Все дело в амбивалентности ереси как явления церковной и вообще христианской жизни. Церковь обязана была судить ее, но не могла по определению стать объективным арбитром, хотя бы потому, что отвечала не перед людьми, а перед Богом. И потому также, что считала себя небесным градом, осажденным на земле врагами, силящимися подло стянуть всякую заблудшую овцу в геенну. В XIII веке богословие, ревниво охранявшееся столетиями, вышло из монастырских стен сначала в университеты, затем и дальше, почти на улицу. На диспутах могли присутствовать люди совсем не подготовленные, неученые, «молчаливое большинство», чье мнение мы никогда не узнаем. Это явный признак того, что Церковь умела повернуться лицом к мирянам, к своей пастве. Тайны в прямом смысле слова открылись. Но и толкования всех видов начали распространяться на страницах пергамена и бумаги – все это в условиях, когда цензура выражалась лишь в основном в публичных опять же кострах, в «казнях» книг. Но ведь рукописи неохотно горят. А значит, распространялось и инакомыслие, идеи, контролировать которые не было никакой возможности. За «неправильными» мыслями, как известно, часто следовали и следуют и «неправильные» действия.

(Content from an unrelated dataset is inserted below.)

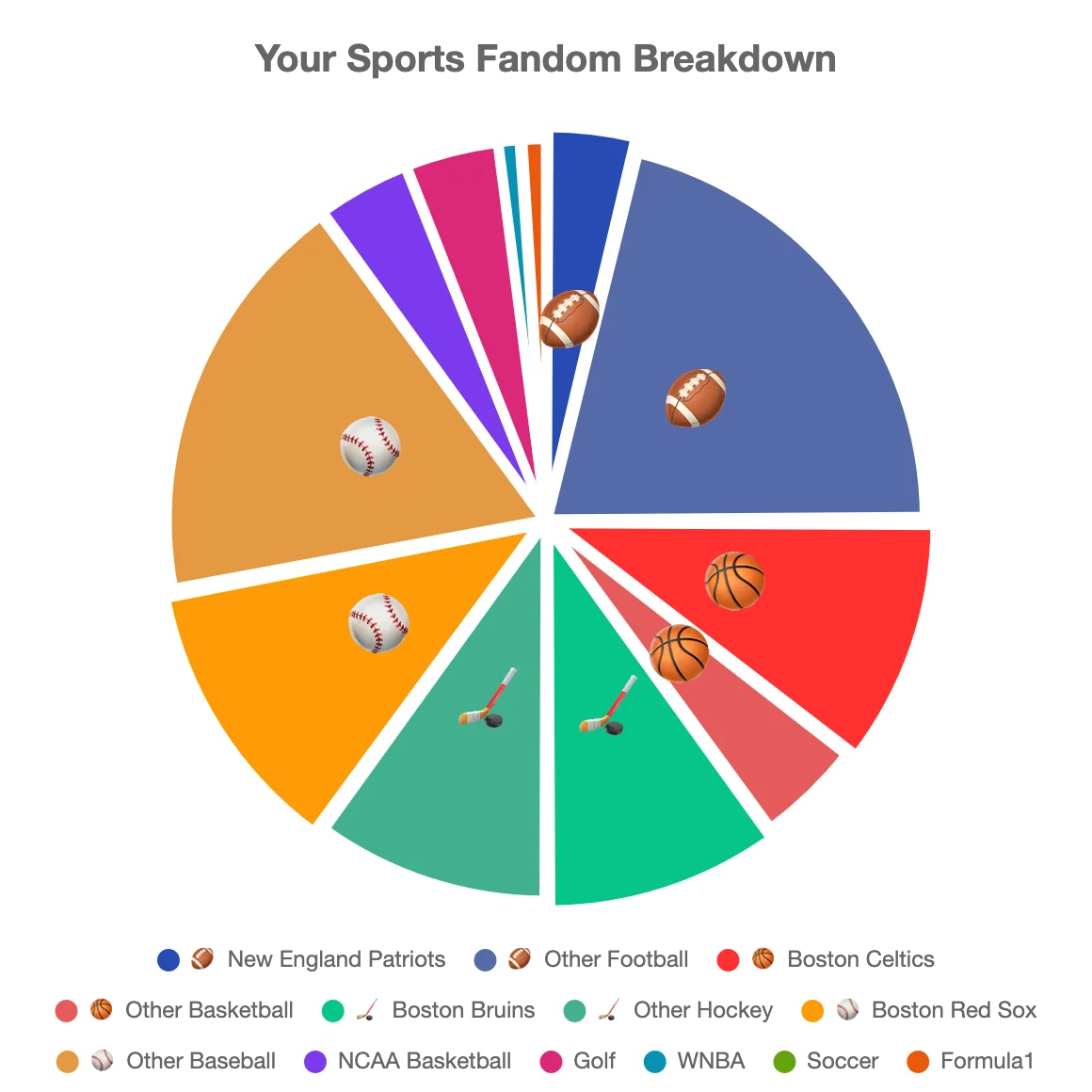 My friend Aaron shared a video in a group chat we are in last week related to the sports equinox. In the video he attempted to answer a question that a friend had posed to him: “what does your sports pie chart look like?”

О ересях мы узнаем почти исключительно из уст обвинителей. Даже когда они записывали ответы, полученные при допросах, мы понимаем, что между ответом и нами, читателями, стоит следователь.

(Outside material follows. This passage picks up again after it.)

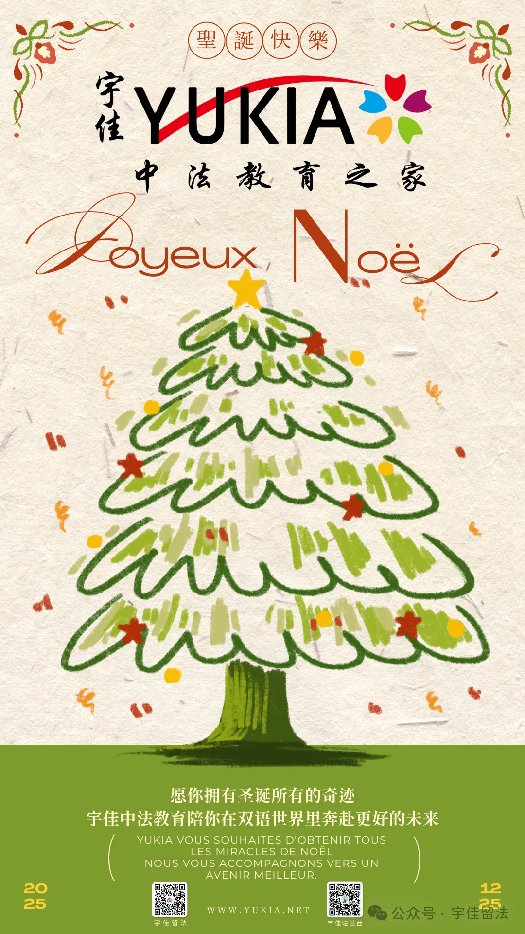 圣诞的钟声即将敲响,愿这份专属的浪漫与温暖,伴随你度过整个冬日。宇佳中法教育将始终与你同行,在双语世界里,陪你探索更多文化之美,收获成长的喜悦!

О ересях мы узнаем почти исключительно из уст обвинителей. Даже когда они записывали ответы, полученные при допросах, мы понимаем, что между ответом и нами, читателями, стоит следователь, и это – довольно специфический источниковедческий фильтр. Авторы трактатов о ересях – не всегда изуверы и наперсники разврата, зачастую это весьма высоколобые богословы и даже, как Алан Лилльский в 1200 году, – великие поэты и энциклопедисты. Они нередко повторяли себе и другим, что Бог не хочет «смерти грешника, но чтобы грешник обратился от пути своего и жив был» (Иез. 33:11). Но что делать, если он (или она) упирается и не признается? Если какая-нибудь Жанна д’Арк даже ради причастия не желает сменить мужское платье на женское? Всякому терпению ведь есть предел! (В великом фильме Дрейера «Страсти Жанны д’Арк» 1928 года этот ключевой момент как раз мастерски зафиксирован.) Безусловно, позднесредневековая охота на ведьм – наследница охоты на еретиков. Поэтому и историку трудно остаться безучастным бытописателем, потому что на страницах пергамена проступает кровь, потому что пахнет гарью, потому что искать аргументы за и против здесь так же трудно, если не бессмысленно, как в вопросе об опричнине или Гитлере.

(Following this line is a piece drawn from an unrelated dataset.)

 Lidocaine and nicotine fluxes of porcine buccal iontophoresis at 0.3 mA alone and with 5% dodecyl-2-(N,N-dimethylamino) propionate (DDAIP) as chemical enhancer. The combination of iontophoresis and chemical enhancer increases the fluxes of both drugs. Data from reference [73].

Если понимать под терпимостью признание различных точек зрения на какой-то предмет или на истину, в особенности религиозную, то ей в Средние века места не было. Хулящий веру или заблуждающийся в ней оскорбляет не собственную совесть, но всю общину верующих, потому что вера в средневековой системе ценностей – не личное дело, а общественное. Поэтому терпимость по отношению к нему сродни нашей терпимости к уголовным преступникам: еретика или неверного терпят, пока не могут искоренить, но не признав их «инаковость» как нечто равноправное с нашей «правотой». Такое «терпение» сродни попущению, балансирующему на грани попустительства и «преступной халатности» по отношению к мировому злу. Ведь на кону не просто «общественный порядок», а порядок космоса, связь общества людей с небесами. Публичная, то есть назидательная, смертная казнь еретика – дело благое. Фома Аквинский, никак не инквизитор, считал, что фальсификация веры намного опаснее фальсификации монеты, караемой смертью, а значит, согласное преследование еретиков церковной и светской властями спасительно для общества. Но, в поисках того же общего блага, иноверцев следует и терпеть, во избежание войны, ведь мир больше располагает их к обращению, чем насилие.